Download Spark
- First, download Spark.
I downloaded the binaries given as
spark-2.1.0-bin-hadoop2.7
- You'd also need to install the JDK; I took it from here
Set and test
Tree structure
Simply installing Spark is simple.
All you have to do is extract the archive.
I placed the extracted binaries in ~/Applications
, resulting in the following tree structure:
~/Applications
└── spark-2.1.0-bin-hadoop2.7
At this point, you can already run Spark.
Look for ~/Applications/spark-2.1.0-bin-hadoop2.7/bin/pyspark
.
For simplifying the settings, I created a symbolic link to ~/Applications/spark
, in particular using ln -s spark-2.1.0-bin-hadoop2.7 spark
, yielding the following structure:
~/Applications
├── spark -> spark-2.1.0-bin-hadoop2.7
└── spark-2.1.0-bin-hadoop2.7
Environment variables
Next step, is to set environment variables.

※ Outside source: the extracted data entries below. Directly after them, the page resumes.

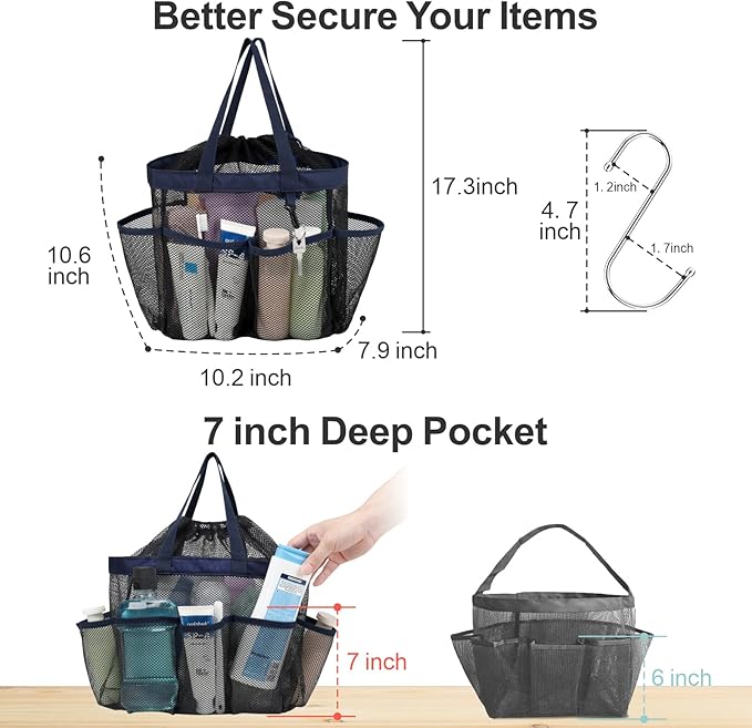 - 7 Upgraded Deep Pockets & Secure Drawstring for Peace of Mind: This shower tote bag features 7 upgraded exterior pockets with 7-inch depth, keeping tall bottles upright to prevent spills. A secure drawstring closure ensures toiletries stay safely inside—no more spills or lost items while you’re on the move
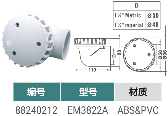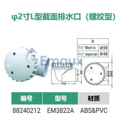 您的位置:首頁>產品概覽>SPA配件>φ2寸L型截面排水口(螺紋型)
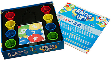 Учасники настільної гри Rings Up (Різнокольорові колечка) будуть змагатися у спритності одягання кілець на свої пальці. Для гри потрібна уважність і швидкість. Ах да, ще обов'язково потрібен хоча б один палець на руці кожного учасника (усмішка). Дуже весела гра, близька за духом до таких, як Доббль або Швидерця.
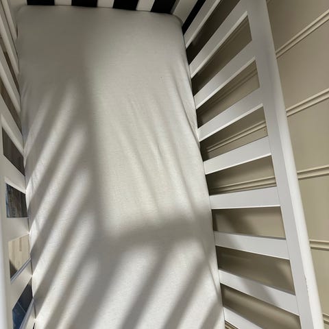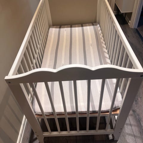 Den har en liten skade på den ene enden av sengen (se bilde), men ikke noe som påvirker funksjonaliteten/sikkerheten.

In particular, I added the following lines to ~/.bash_profile
:
export SPARK_HOME="/Users/user/Applications/spark"
export PYSPARK_SUBMIT_ARGS="--master local[2]"
# Make pyspark available anywhere
export PATH="$SPARK_HOME/bin:$PATH"
Remark: spark-shell
(i.e. the scala based REPL) should also be accessible at this point.
Test
Now, it is time fore testing.
Start a new terminal session, or source /.bash_profile
.
Now, simply run pyspark
.
You should get a Python REPL console with the SparkContext
already loaded as sc
.
Tryout:
x = sc.parallelize([1,2,3])
and create a simple RDD.
Use IPython
and Jupyter
The standard Python REPL is, somehow, crappy.
You probably want to use IPython
and even better Jupyter
.
To that end, I added the following to my ./bash_profile
:
export PYSPARK_PYTHON=/Users/drorata/anaconda3
export PYSPARK_DRIVER_PYTHON=/Users/drorata/anaconda3/bin/ipython
alias pysparknb='PYSPARK_DRIVER_PYTHON="jupyter" PYSPARK_DRIVER_PYTHON_OPTS="notebook" pyspark'
This way, whenever I invoke pyspark
a nice IPython console is started.
In addition pysparknb
starts a Jupyter server in the current directory.